## What you should do
Copy out every line of the records in which "design" can be found.

## Data provided
"""

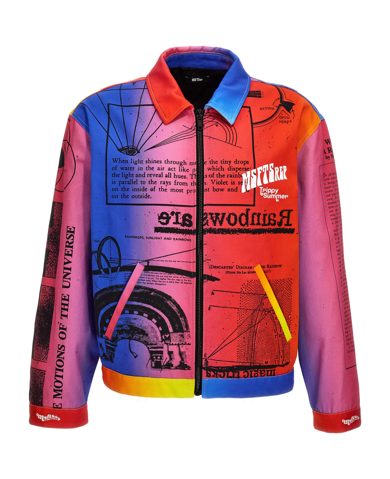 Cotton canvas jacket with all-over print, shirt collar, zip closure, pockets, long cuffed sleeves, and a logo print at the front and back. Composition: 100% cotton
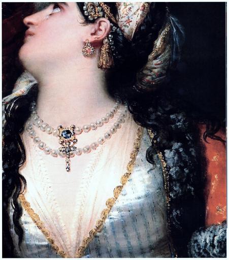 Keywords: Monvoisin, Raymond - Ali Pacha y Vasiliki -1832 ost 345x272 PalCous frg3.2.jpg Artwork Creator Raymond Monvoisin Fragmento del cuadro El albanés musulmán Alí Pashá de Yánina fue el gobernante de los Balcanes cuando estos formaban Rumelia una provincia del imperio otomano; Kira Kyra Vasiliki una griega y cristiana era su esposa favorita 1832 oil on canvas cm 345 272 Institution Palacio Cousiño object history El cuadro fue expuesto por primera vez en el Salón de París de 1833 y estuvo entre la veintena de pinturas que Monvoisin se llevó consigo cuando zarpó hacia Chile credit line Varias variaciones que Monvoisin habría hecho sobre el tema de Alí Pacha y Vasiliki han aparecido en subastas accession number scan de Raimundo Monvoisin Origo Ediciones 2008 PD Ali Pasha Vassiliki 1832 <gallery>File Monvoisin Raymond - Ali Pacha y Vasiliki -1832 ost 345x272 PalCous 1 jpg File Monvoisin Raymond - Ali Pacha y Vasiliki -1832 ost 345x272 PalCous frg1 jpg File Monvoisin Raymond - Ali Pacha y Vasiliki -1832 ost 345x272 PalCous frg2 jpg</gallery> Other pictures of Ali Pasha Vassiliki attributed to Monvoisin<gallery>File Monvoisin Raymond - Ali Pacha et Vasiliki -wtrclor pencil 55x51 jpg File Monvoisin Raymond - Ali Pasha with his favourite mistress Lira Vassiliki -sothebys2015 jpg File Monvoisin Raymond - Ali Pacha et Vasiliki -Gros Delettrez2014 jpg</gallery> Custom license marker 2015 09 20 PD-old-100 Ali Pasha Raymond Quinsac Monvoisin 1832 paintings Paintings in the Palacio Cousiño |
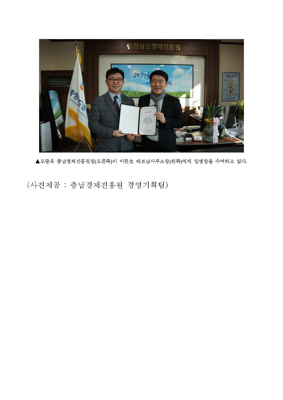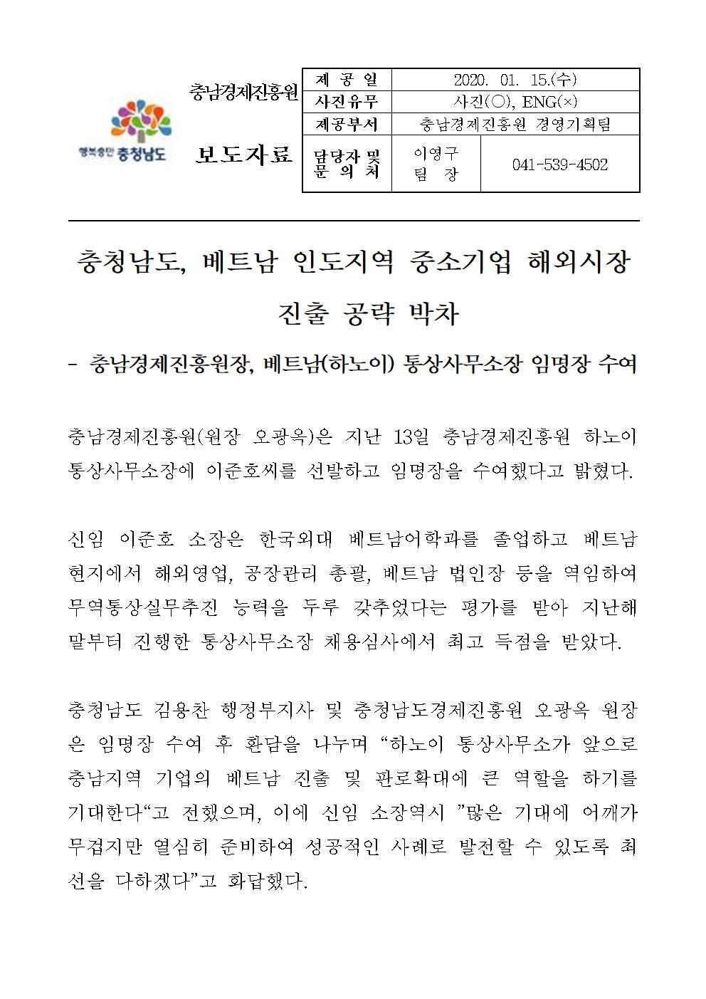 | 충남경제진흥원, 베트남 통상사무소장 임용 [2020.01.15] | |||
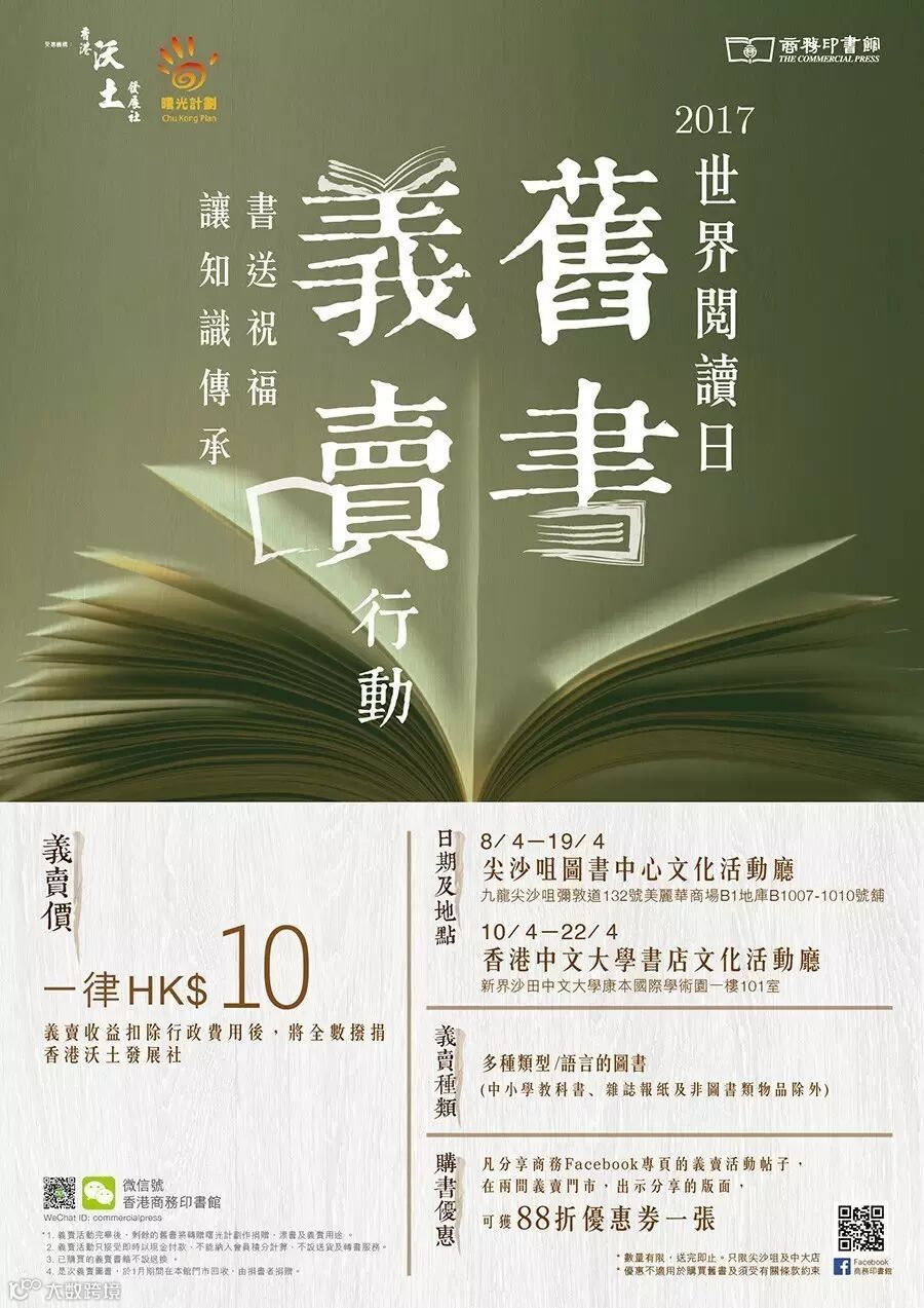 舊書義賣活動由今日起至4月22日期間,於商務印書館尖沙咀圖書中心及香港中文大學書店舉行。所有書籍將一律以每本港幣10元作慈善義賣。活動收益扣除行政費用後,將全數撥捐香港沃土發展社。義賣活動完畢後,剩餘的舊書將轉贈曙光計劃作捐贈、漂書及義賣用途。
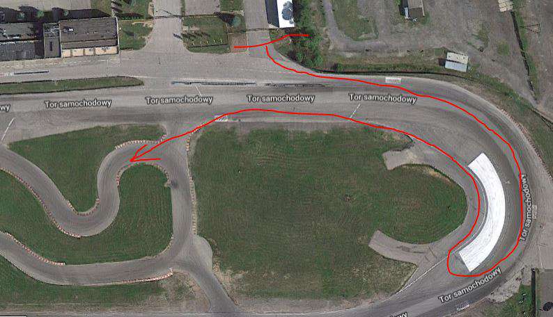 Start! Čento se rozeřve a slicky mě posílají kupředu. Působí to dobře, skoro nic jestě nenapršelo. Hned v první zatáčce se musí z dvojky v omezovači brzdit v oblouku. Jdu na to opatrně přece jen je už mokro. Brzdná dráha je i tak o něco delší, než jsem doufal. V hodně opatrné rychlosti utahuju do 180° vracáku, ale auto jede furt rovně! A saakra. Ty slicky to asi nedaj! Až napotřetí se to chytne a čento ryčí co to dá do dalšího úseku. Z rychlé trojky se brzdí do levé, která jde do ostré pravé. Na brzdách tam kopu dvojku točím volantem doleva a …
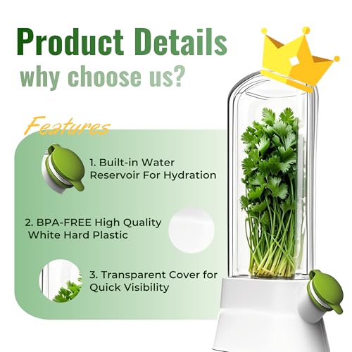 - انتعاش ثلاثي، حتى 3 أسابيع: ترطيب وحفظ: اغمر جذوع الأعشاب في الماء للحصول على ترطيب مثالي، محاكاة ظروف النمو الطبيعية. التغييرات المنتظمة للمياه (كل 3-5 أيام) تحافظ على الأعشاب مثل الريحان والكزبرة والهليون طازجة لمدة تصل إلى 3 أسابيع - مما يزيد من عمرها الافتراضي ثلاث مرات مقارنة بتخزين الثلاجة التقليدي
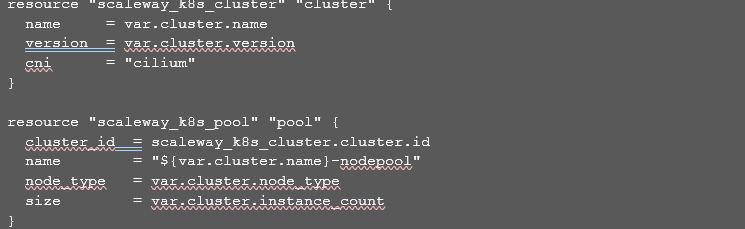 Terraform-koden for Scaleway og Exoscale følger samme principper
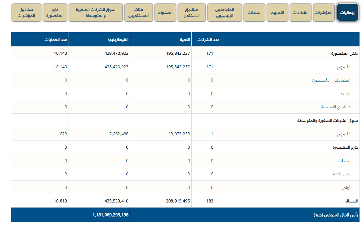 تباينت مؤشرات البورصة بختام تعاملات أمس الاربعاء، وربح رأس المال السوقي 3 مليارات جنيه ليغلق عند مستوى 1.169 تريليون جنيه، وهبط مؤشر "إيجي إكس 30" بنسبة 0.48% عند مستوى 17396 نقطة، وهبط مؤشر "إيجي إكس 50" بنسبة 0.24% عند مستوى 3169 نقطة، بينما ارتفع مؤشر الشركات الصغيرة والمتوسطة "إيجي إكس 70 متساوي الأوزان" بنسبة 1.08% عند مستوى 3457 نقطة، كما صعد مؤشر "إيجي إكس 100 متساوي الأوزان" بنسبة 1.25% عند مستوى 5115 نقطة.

"""
"""

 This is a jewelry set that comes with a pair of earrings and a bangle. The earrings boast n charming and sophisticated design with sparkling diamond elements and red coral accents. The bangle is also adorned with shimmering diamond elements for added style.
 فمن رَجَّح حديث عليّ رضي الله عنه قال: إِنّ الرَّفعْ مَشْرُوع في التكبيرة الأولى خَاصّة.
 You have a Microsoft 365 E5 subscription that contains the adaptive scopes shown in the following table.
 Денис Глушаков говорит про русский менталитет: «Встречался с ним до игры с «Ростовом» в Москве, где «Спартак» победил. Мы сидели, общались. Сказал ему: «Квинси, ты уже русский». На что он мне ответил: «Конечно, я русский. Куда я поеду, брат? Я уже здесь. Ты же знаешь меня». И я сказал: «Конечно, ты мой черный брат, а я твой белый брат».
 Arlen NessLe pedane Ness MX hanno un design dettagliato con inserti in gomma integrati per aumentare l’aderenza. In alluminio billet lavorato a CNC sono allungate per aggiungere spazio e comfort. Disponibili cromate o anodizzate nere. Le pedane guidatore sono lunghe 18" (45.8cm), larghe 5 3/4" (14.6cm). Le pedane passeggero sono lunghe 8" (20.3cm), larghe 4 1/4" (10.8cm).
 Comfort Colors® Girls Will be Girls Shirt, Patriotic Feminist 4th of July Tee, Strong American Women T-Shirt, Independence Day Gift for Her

"""
"""

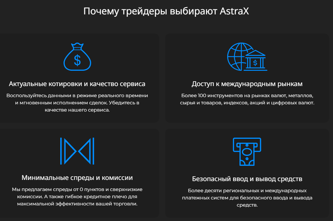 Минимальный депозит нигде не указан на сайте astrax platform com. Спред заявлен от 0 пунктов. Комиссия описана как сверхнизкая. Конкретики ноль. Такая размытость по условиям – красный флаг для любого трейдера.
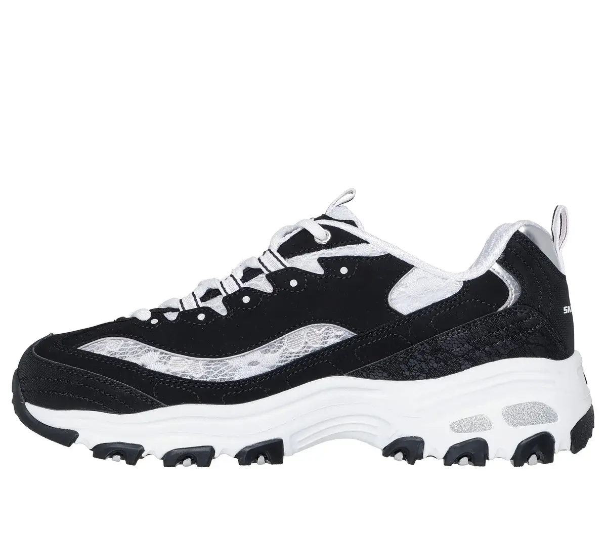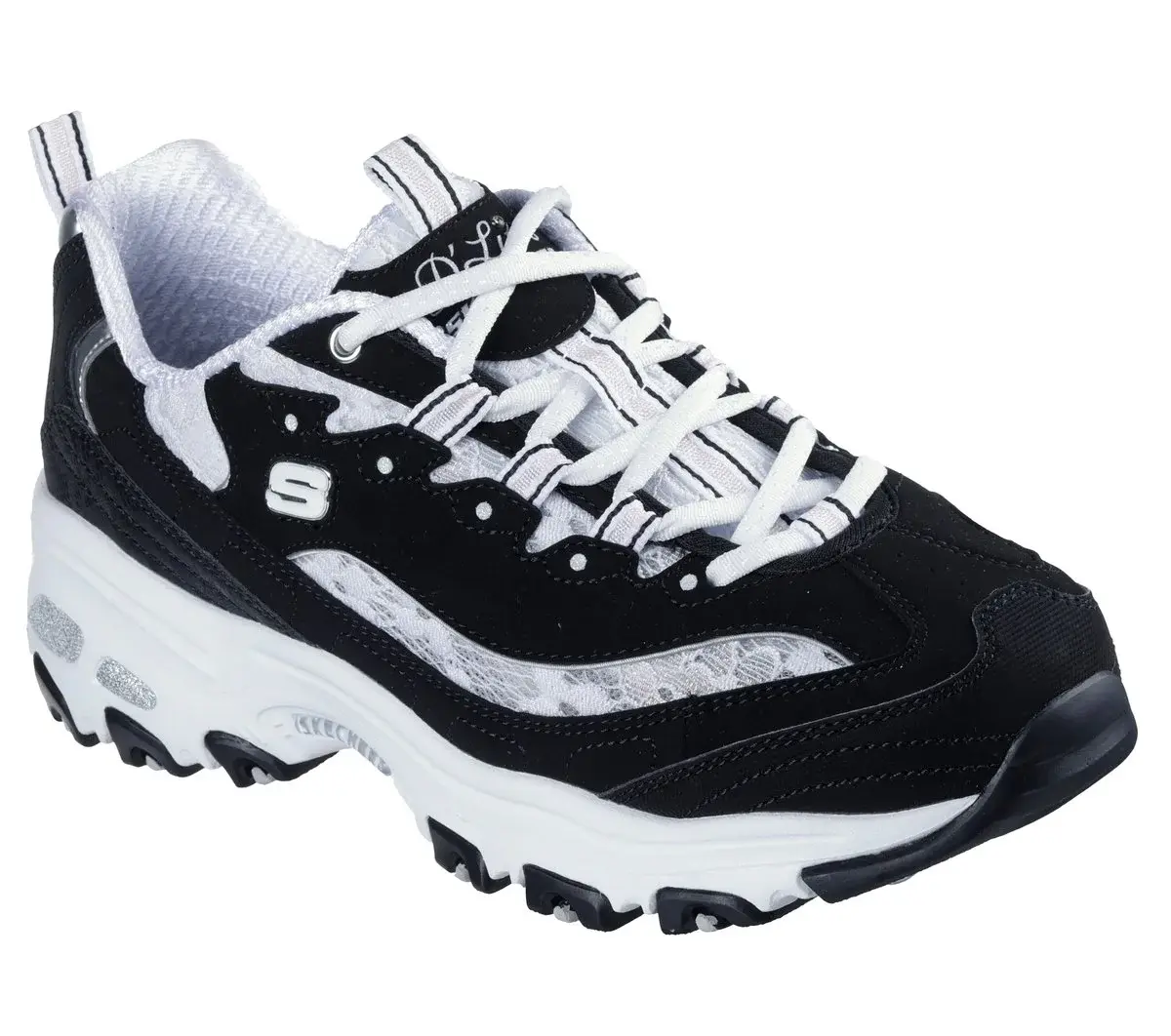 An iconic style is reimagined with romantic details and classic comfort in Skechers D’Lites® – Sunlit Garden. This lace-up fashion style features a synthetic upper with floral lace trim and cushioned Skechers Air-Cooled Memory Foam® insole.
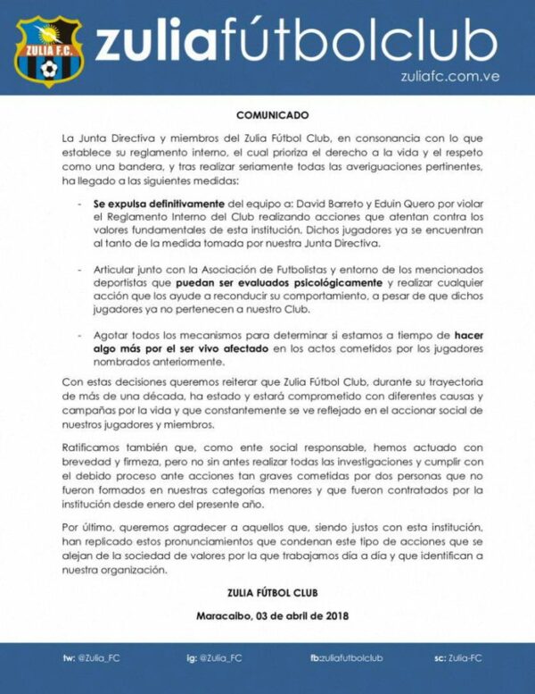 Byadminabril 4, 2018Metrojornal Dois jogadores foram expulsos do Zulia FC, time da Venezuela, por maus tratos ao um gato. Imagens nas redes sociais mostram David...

"""

## Your response
 This is a jewelry set that comes with a pair of earrings and a bangle. The earrings boast n charming and sophisticated design with sparkling diamond elements and red coral accents. The bangle is also adorned with shimmering diamond elements for added style.
 Arlen NessLe pedane Ness MX hanno un design dettagliato con inserti in gomma integrati per aumentare l’aderenza. In alluminio billet lavorato a CNC sono allungate per aggiungere spazio e comfort. Disponibili cromate o anodizzate nere. Le pedane guidatore sono lunghe 18" (45.8cm), larghe 5 3/4" (14.6cm). Le pedane passeggero sono lunghe 8" (20.3cm), larghe 4 1/4" (10.8cm).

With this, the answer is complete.